■ TRY IT:
Beginning at the line that contains "Túnica Jalapa de" and finishing at the line that contains "Fototapeter Mørkt blomstermønster", output the data below exactly. Include both end lines and no pictures.

═══ DATA EXTRACTS

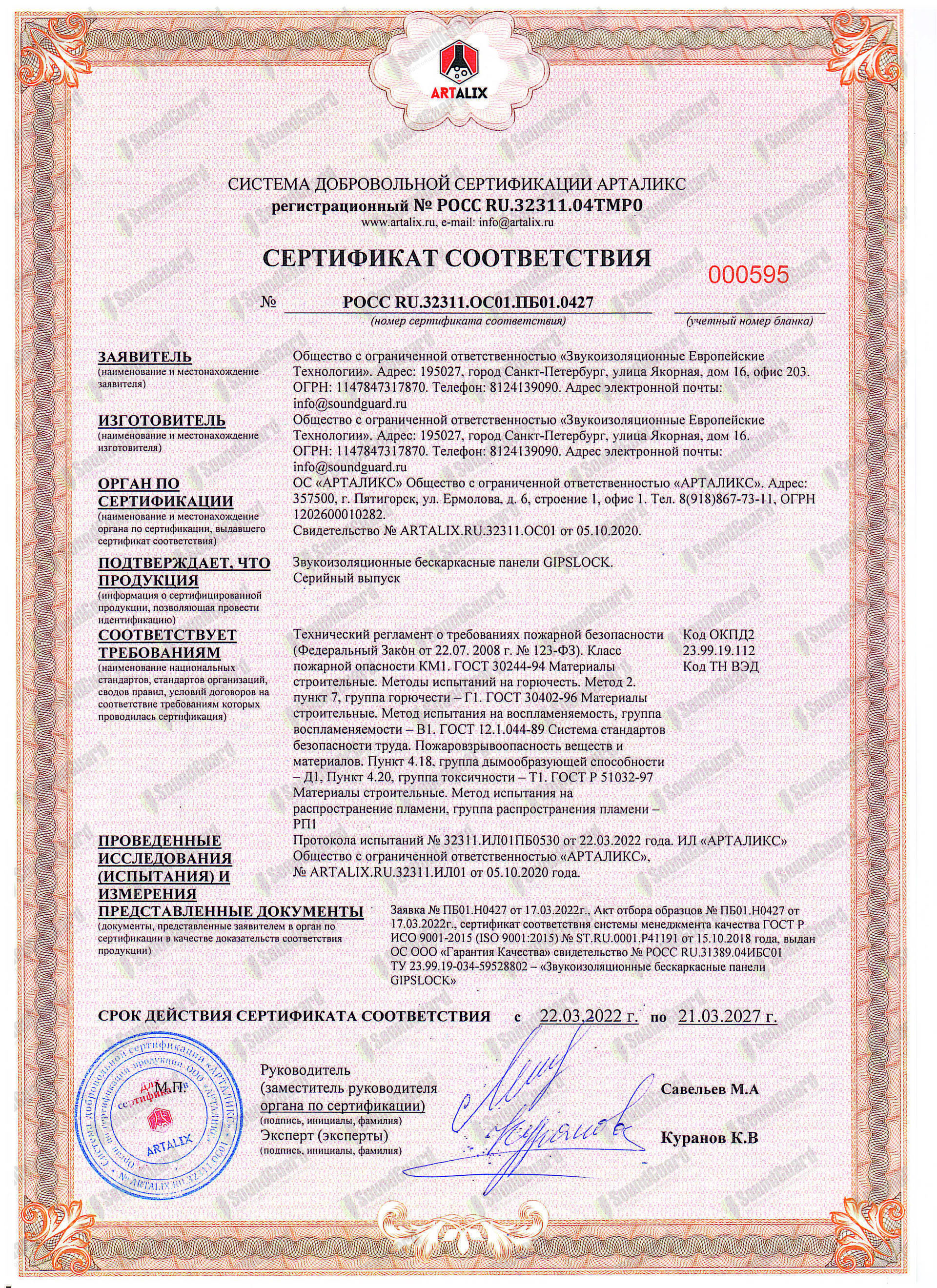 Панель звукоизоляционная трехслойная SoundGuard Gipslock 40 1200 х 600 х 40 мм
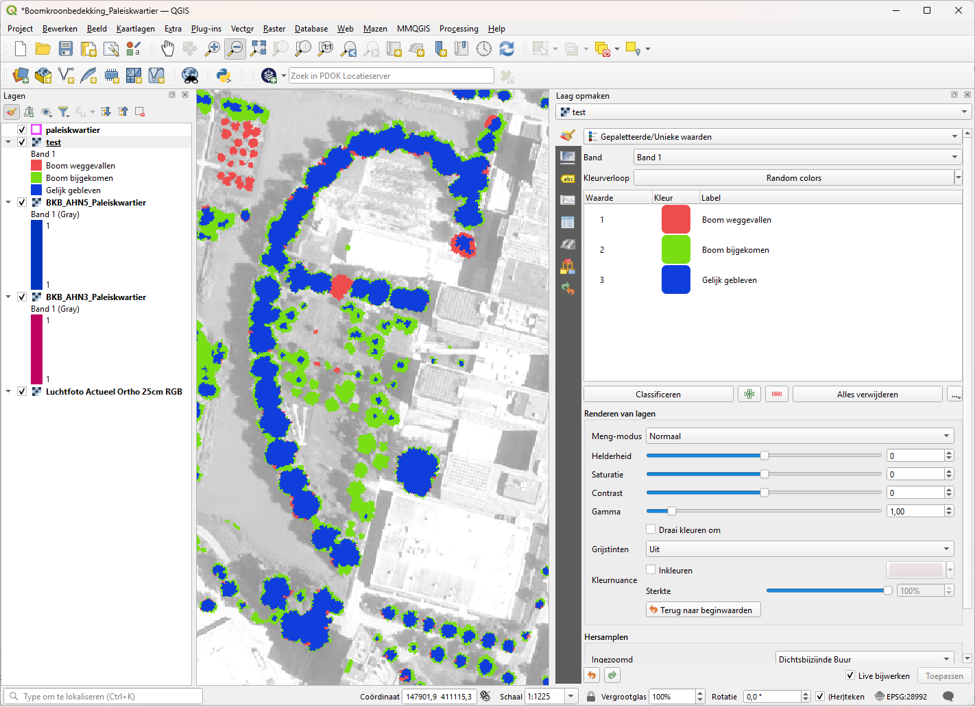 12. Hernoem het label bij klasse 2 naar “Boom bijgekomen”, en geef het een groene kleur.
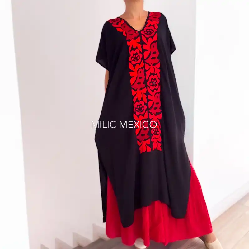 Túnica Jalapa de Díaz negro/rojo – Unitalla Curvy
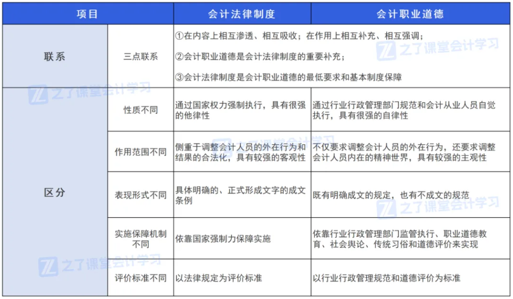 4、会计法律制度和会计职业道德的区分
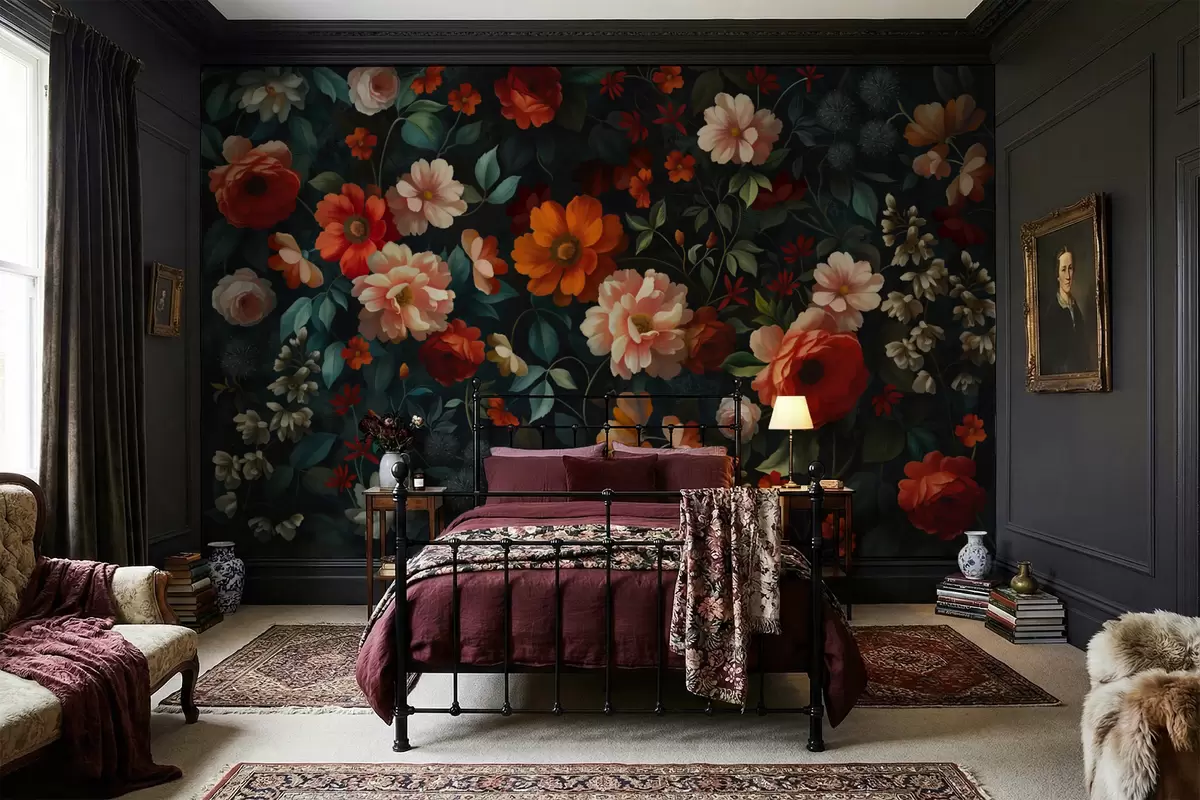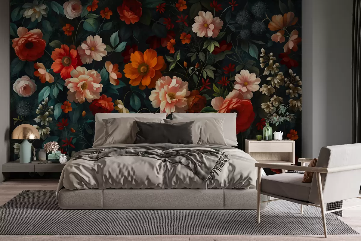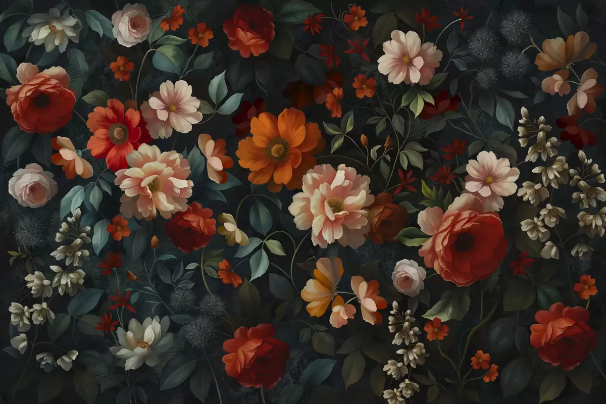 Fototapeter Mørkt blomstermønster med frodige hageblomster Nr. w05087
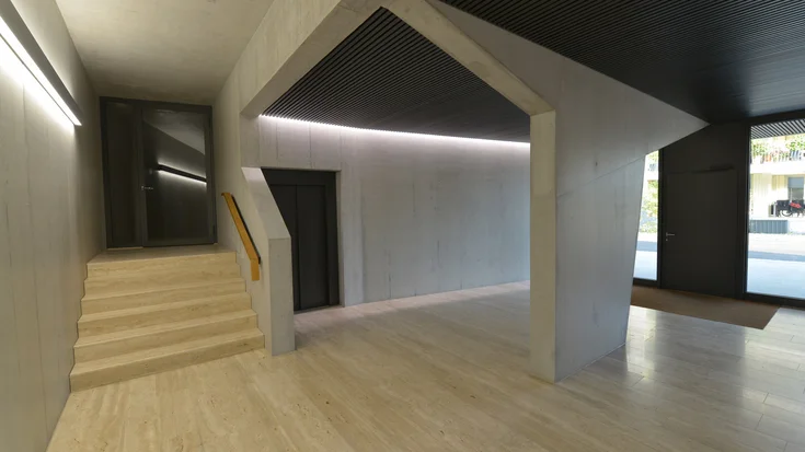 Aufgrund der überdimensionalen Abmessungen stellte die PORR eine scheibenartig ausgebildete Betonstütze in der Eingangshalle direkt vor Ort her. Durch ihre außergewöhnliche Form konnten die Stützen nicht ohne sichtbare Stöße geschalt werden. Um das von den Architekten gewünschte optische Resultat zu erzielen, mussten die Ausführung der Stöße, die Schalungstypen und Sichtbetonklassen exakt den Vorgaben entsprechen. So entstand in Verbindung mit dem durchsichtig ausgeharzten Travertinboden, den hellen Sichtbetonwänden und –stützen sowie der Rasterdecke mit Wallwashern ein großzügiger Eingangsbereich.
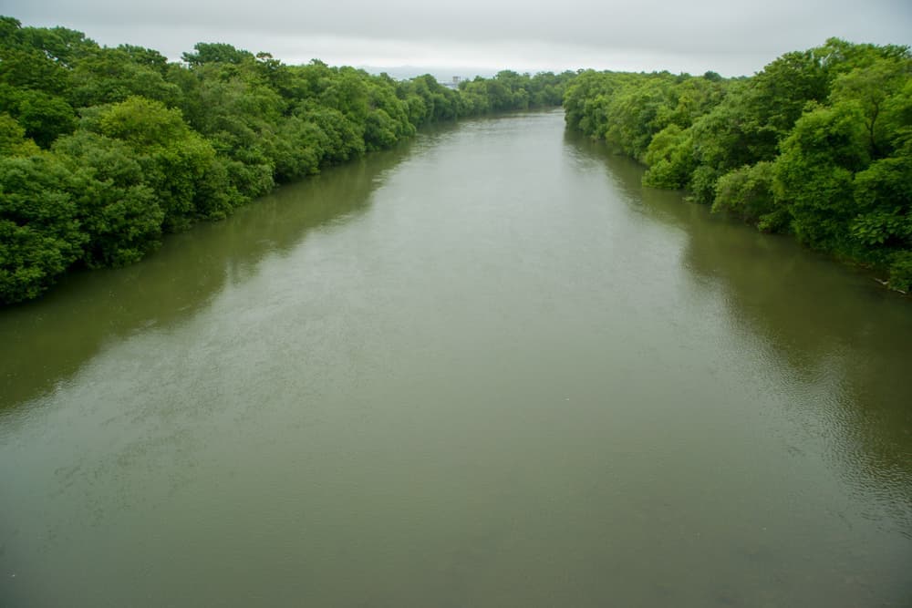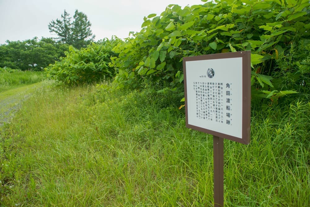 明治21(1888)年5月、室蘭を出発した泉鱗太郎一行は雪解け水を湛えた夕張川に行く手を遮られますが、千歳のアイヌ・テッピリア(下夕張鉄五郎)によって助けられ、対岸に渡ることができました。テッピリアはその後、明治42(1909)年に夕張橋ができるまで夕張川の船渡しとして開拓者を助けます。上写真の「角田渡船場跡」の掲示板は角田神社のそばにあるものですが、下写真の「夕張橋」から見る方が当時の雰囲気をつかむことができるでしょう。

══════

■ EXERCISE RESULT:
 Túnica Jalapa de Díaz negro/rojo – Unitalla Curvy
 4、会计法律制度和会计职业道德的区分
 Fototapeter Mørkt blomstermønster med frodige hageblomster Nr. w05087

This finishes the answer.